# What you will do
You are asked to reproduce the listing exactly and to omit its pictures.

# Data below

....................

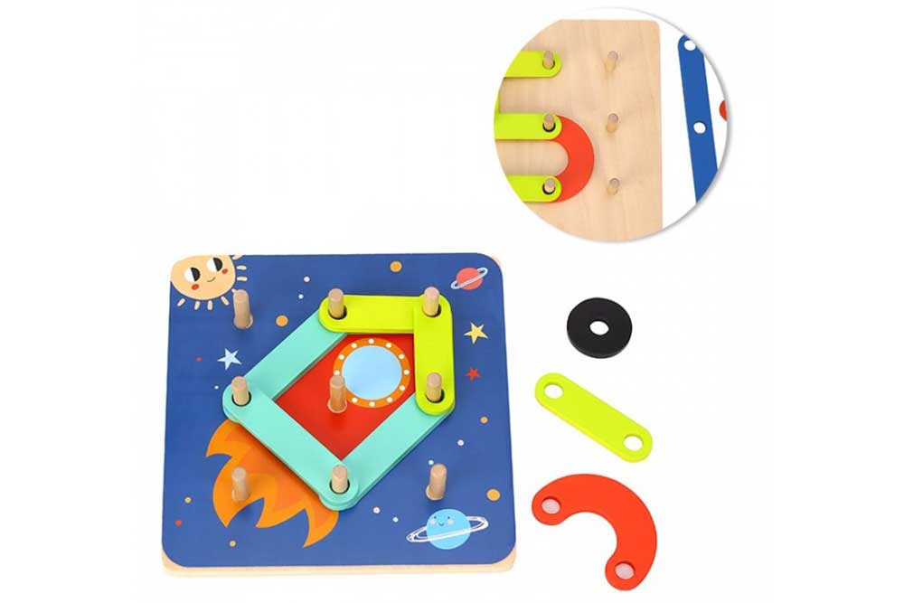Дерев’яна гра “Мій навчальний пазл” — це розвивальна креативна гра для дітей від 2 років, яка навчає виконувати завдання за зразком та тренує логіку, пам’ять і просторове мислення.
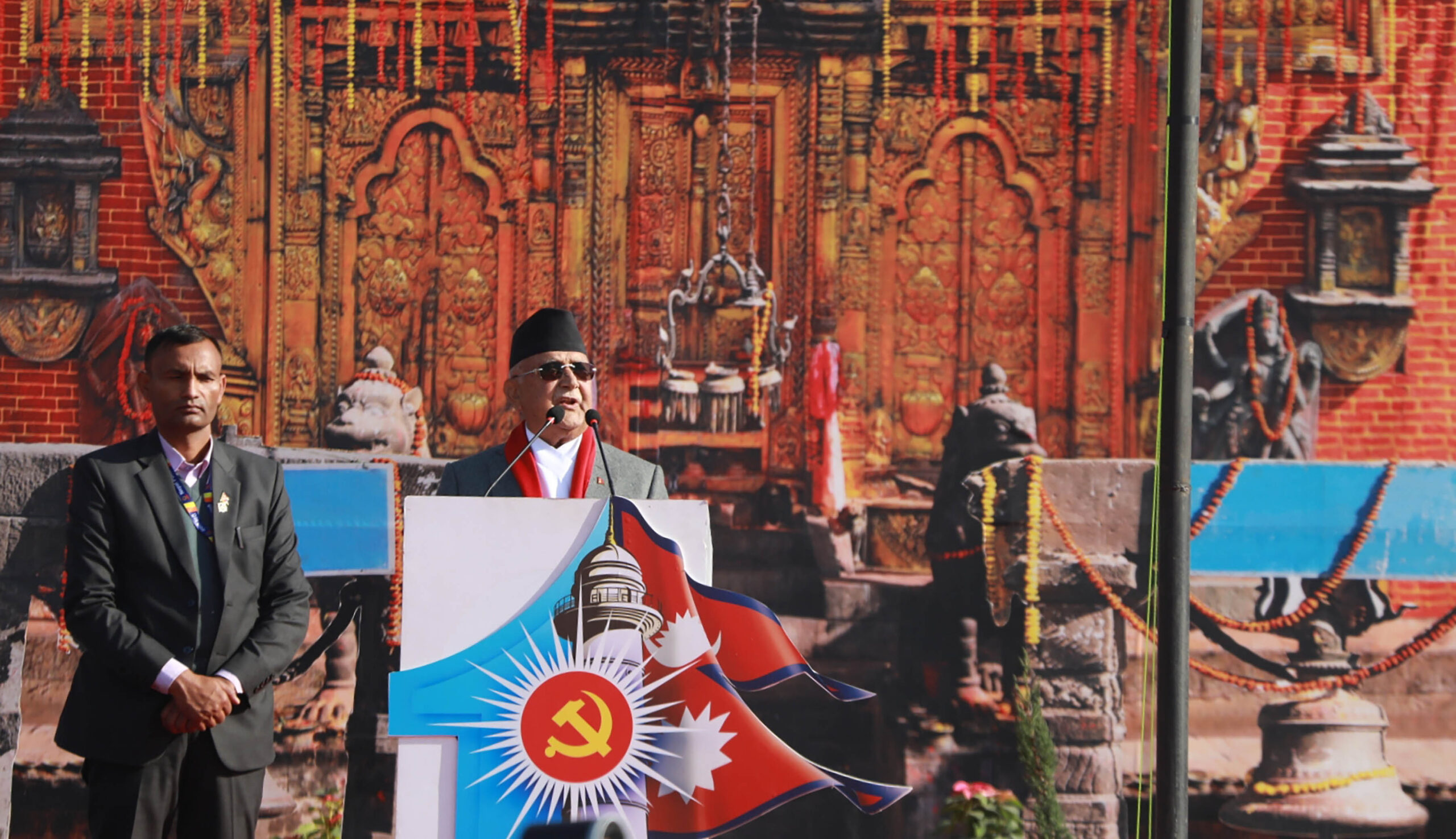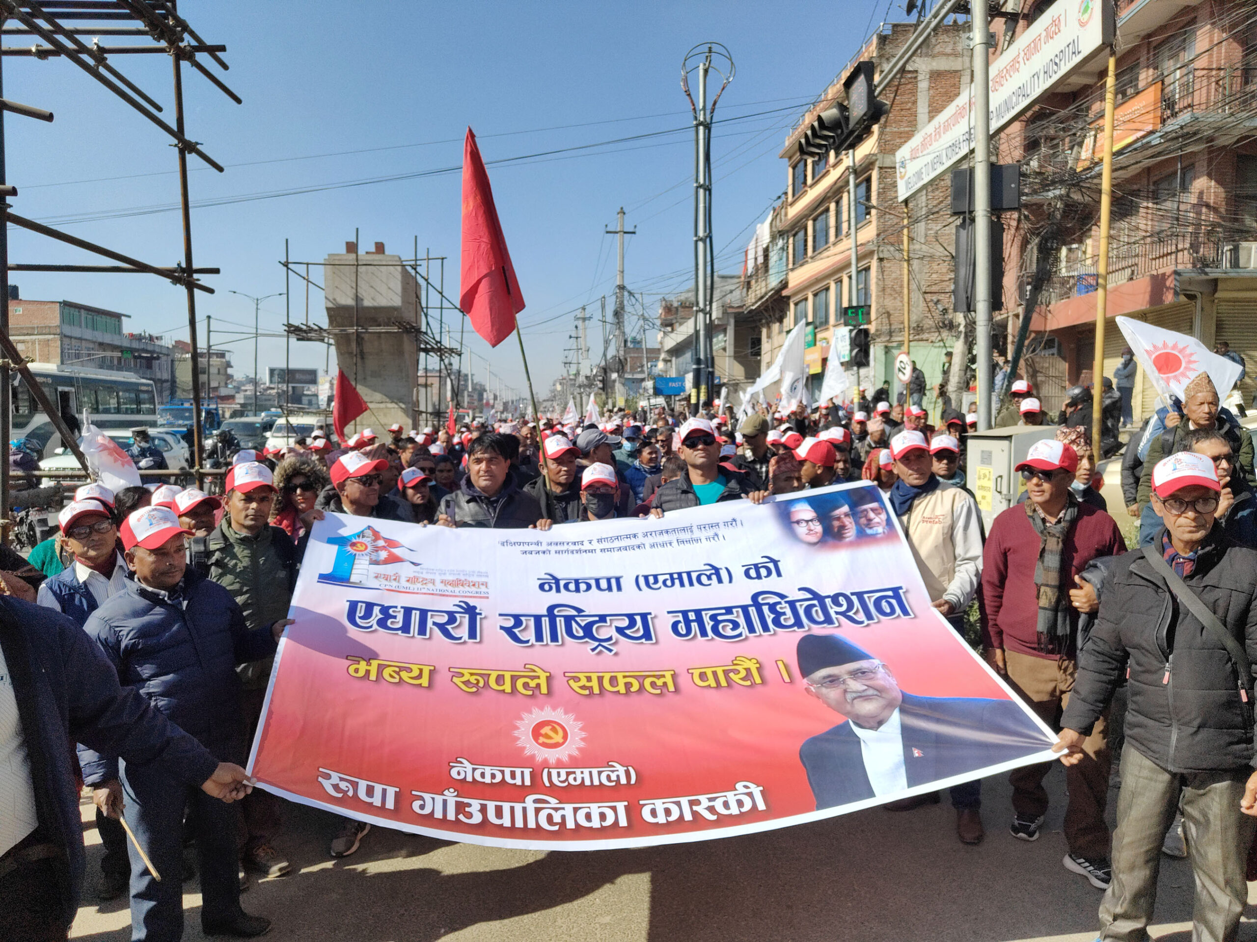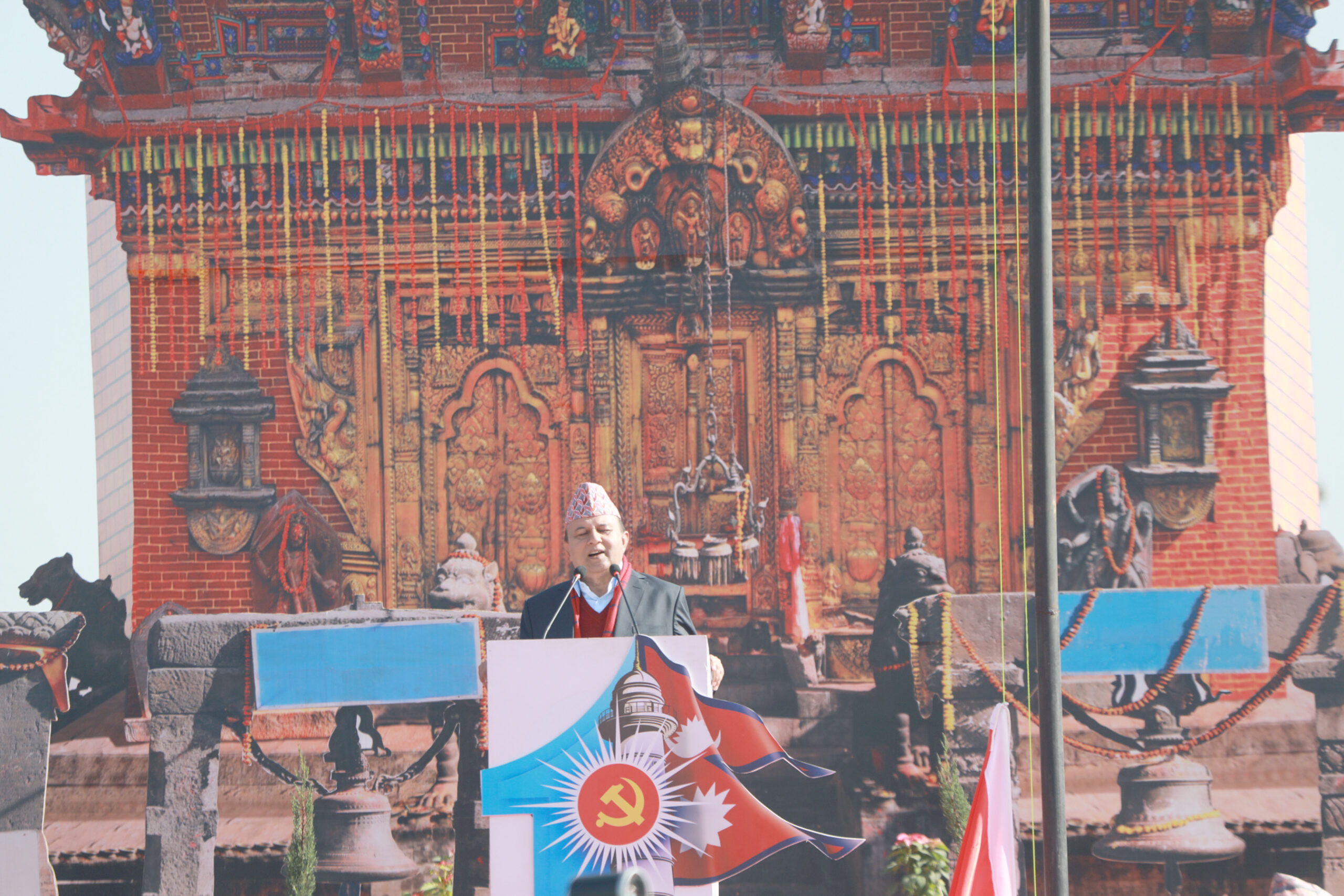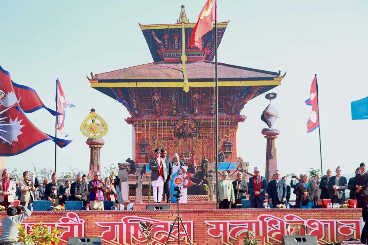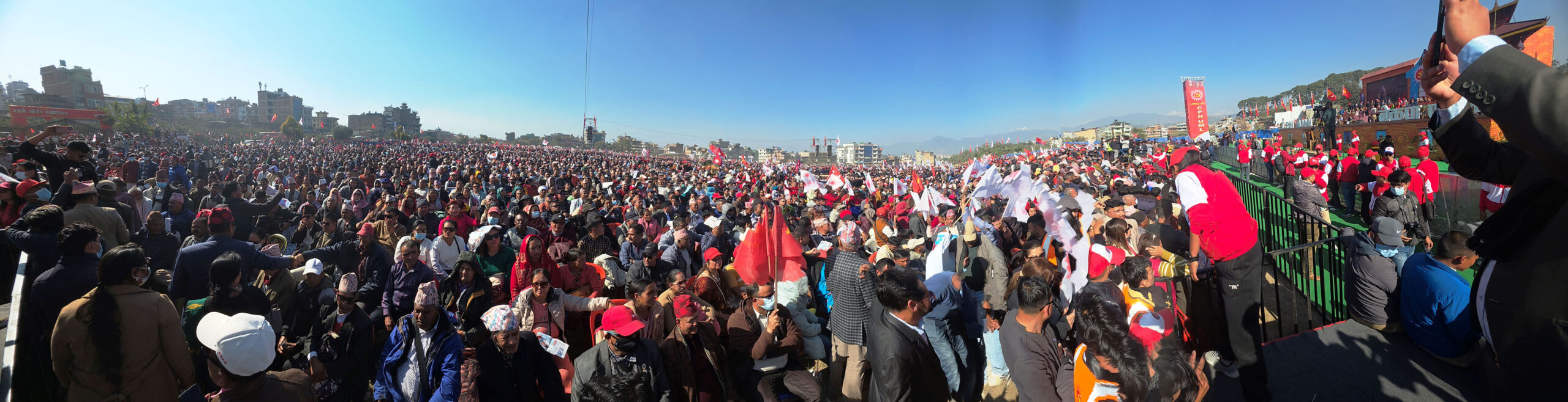 भक्तपुरको सल्लाघारीस्थित चौरमा शनिबार भएको नेकपा एमालेको ११ औं राष्ट्रिय महाधिवेशनको उद्घाटन कार्यक्रम र सहभागि जनसमुदाय । नेपाल ट्रष्टको १०८ रोपनी चौरमा सहभागिहरुले भरिएको थियो । कार्यक्रममा लाखौको उपस्थिति थियो । तस्विर : रमेश गिरी, रासस
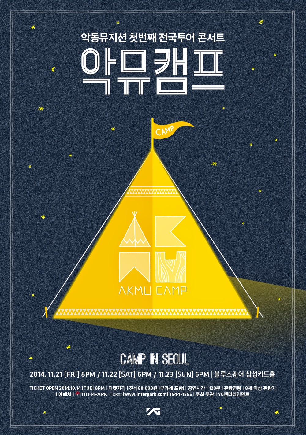 On October 9th, YG Entertainment unveiled a poster on its official blog announcing about Akdong Musician's 1st Live Tour 'AKMU CAMP'. The live tour will be held for 3 days from November 21st to 23rd at Blue Square Samsung Card Hall in Hannam-dong, Seoul.

....................

# Exercise result
Дерев’яна гра “Мій навчальний пазл” — це розвивальна креативна гра для дітей від 2 років, яка навчає виконувати завдання за зразком та тренує логіку, пам’ять і просторове мислення.
 भक्तपुरको सल्लाघारीस्थित चौरमा शनिबार भएको नेकपा एमालेको ११ औं राष्ट्रिय महाधिवेशनको उद्घाटन कार्यक्रम र सहभागि जनसमुदाय । नेपाल ट्रष्टको १०८ रोपनी चौरमा सहभागिहरुले भरिएको थियो । कार्यक्रममा लाखौको उपस्थिति थियो । तस्विर : रमेश गिरी, रासस
 On October 9th, YG Entertainment unveiled a poster on its official blog announcing about Akdong Musician's 1st Live Tour 'AKMU CAMP'. The live tour will be held for 3 days from November 21st to 23rd at Blue Square Samsung Card Hall in Hannam-dong, Seoul.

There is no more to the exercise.